Use this optional field to enter any general descriptive information about this collection.

Use Robots?

Robot text files and robots <META> tags specify which documents and links on a site are available for web crawlers to index and follow. Click Yes to use robots.txt and the robots <META> tag. The default is No.

About Languages and Locales for External Collections

When you create an external collection, you must select a locale or a language. The locale or language that you select determines which users can view the content in the collection.

A locale designates a language as it is used in a specific region or by a specific population. For example, there are differences in how English is used in the United States compared with its use in Canada. Locales have codes that identify their language and region. For example, the code for English Canada is en_CA, and the code for English United States is en_US.

You select a locale, a language, or automatic language detection for a collection based on the language of the documents it contains, as follows:

  • If the collection includes documents authored in a single language, but not a specific regional variant, then select the language.

  • If the collection includes documents authored in multiple languages, then select Auto, which uses document properties to assign a language to each document in the collection.

  • If the collection includes documents authored in a specific regional variant of a language, then select the locale.

For information on assigning languages and locales, see How to Assign Languages and Locales to External Collections.

    How to Assign Languages and Locales to External Collections

    In applications that support multiple locales, each supported locale has a corresponding interface.
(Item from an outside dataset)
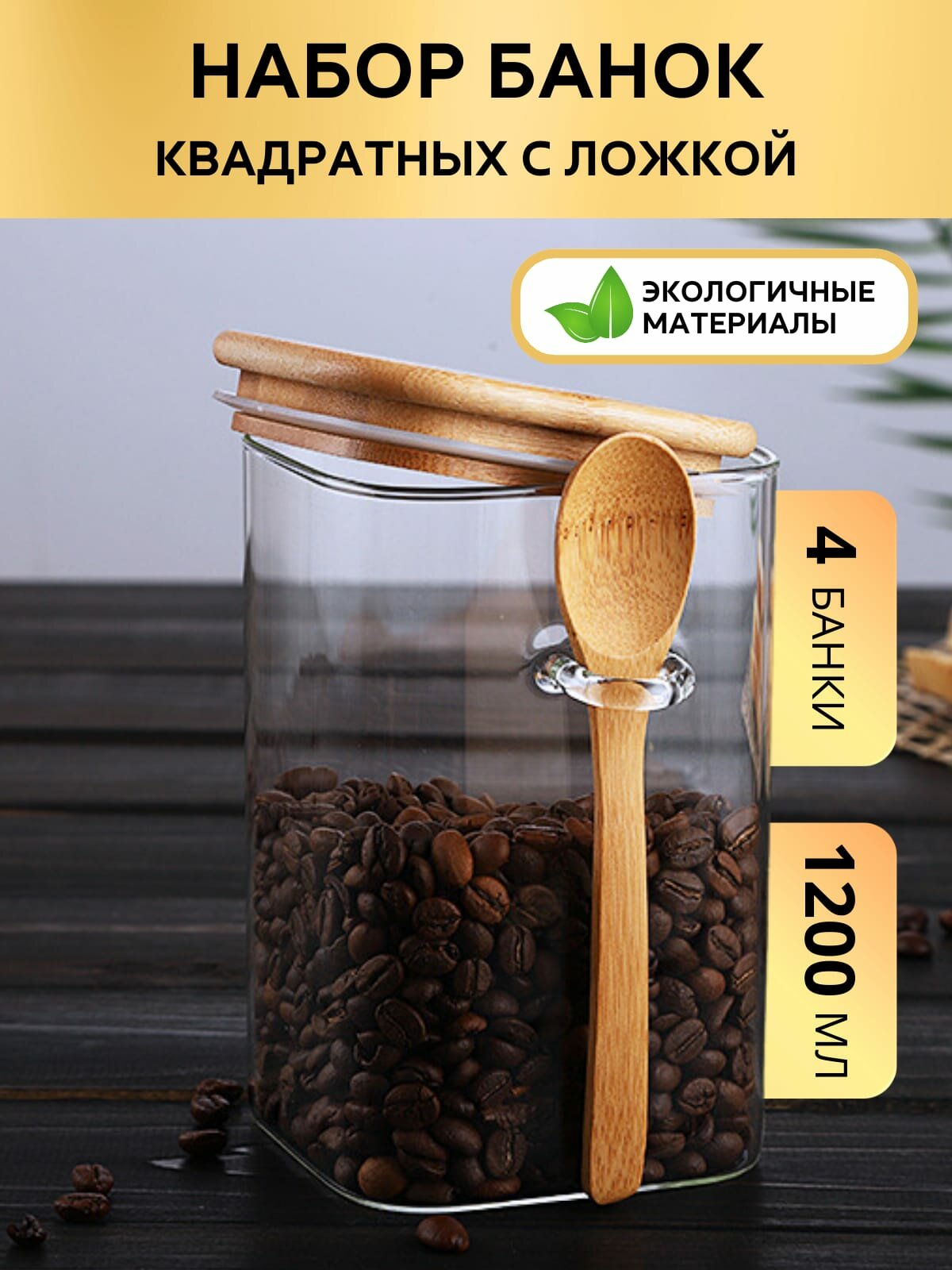 Отзывы на Банка для хранения продуктов, стеклянная, с крышкой, с ложкой, 1200 мл, набор из 4 штук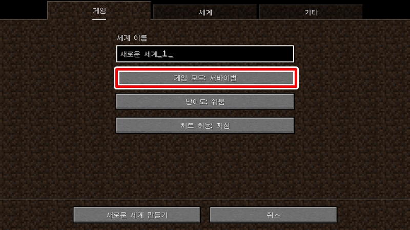 생존을 하기 위해서 게임모드를 서바이벌로 하고 게임 난이도는 평화로움, 쉬움, 보통, 어려움까지 4단계가 있는데 적당한 긴장감과 아직 제작법이 익숙치 않은 관계로 난이도를 쉬움으로 선택했어요. 밤이 되면 나타나는 몹들에게 죽다보니 제작법이 익숙해지면 보통, 어려움으로 넘어갈려구요

The locale or language that you assign to a collection determines the interfaces in which it will be available, as follows:

    • Collections that have a specified locale are available only in the interface that corresponds to that locale

    • Collections that have a specified language are available in all interfaces that correspond to the base language.

    • Documents in collections that use automatic language detection are available in all interfaces that correspond to their assigned language.

    For example, an application may support the following locales:

    • English United States

    • English Canada

    • French Canada

    • French France

    You can assign collections to locales to make them available to only one interface. For example:

    • The EnglishCanadadocs collection is assigned to the English Canada locale, and is available only in the English Canada interface.

    • The FrenchFrancedocs collection is assigned to the French France locale, and is available only in the French France interface.

    You can assign collections to languages to make them available to all interfaces based on that language. For example:

    • The Englishdocs collection is assigned to the English language, and is available in the English United States and English Canada interfaces.

    • The Frenchdocs collection is assigned to the French language, and is available in the French Canada and French France interfaces.

    You can assign collections to Auto to make documents in the collection available to any interfaces based on the detected language. For example, the Mixedlanguagedocs collection contains both English and French documents. English documents in the collection will be available in the English United States, English Canada interfaces, and French documents will be available in the French Canada, French France interfaces.

      About Document Titles in Search Results

      A document title appears in Search results as the full title when the title is short, or a section or excerpt of a longer title. When a document has an obvious title (simply the string of words on the first page of a document that you would recognize as its title), Search selects that title automatically for the list of search results. If a document does not have an obvious full title, Search uses methodologies to determine the title based on:

      • The position of the text on a front page, for example, the first few sentences of the document.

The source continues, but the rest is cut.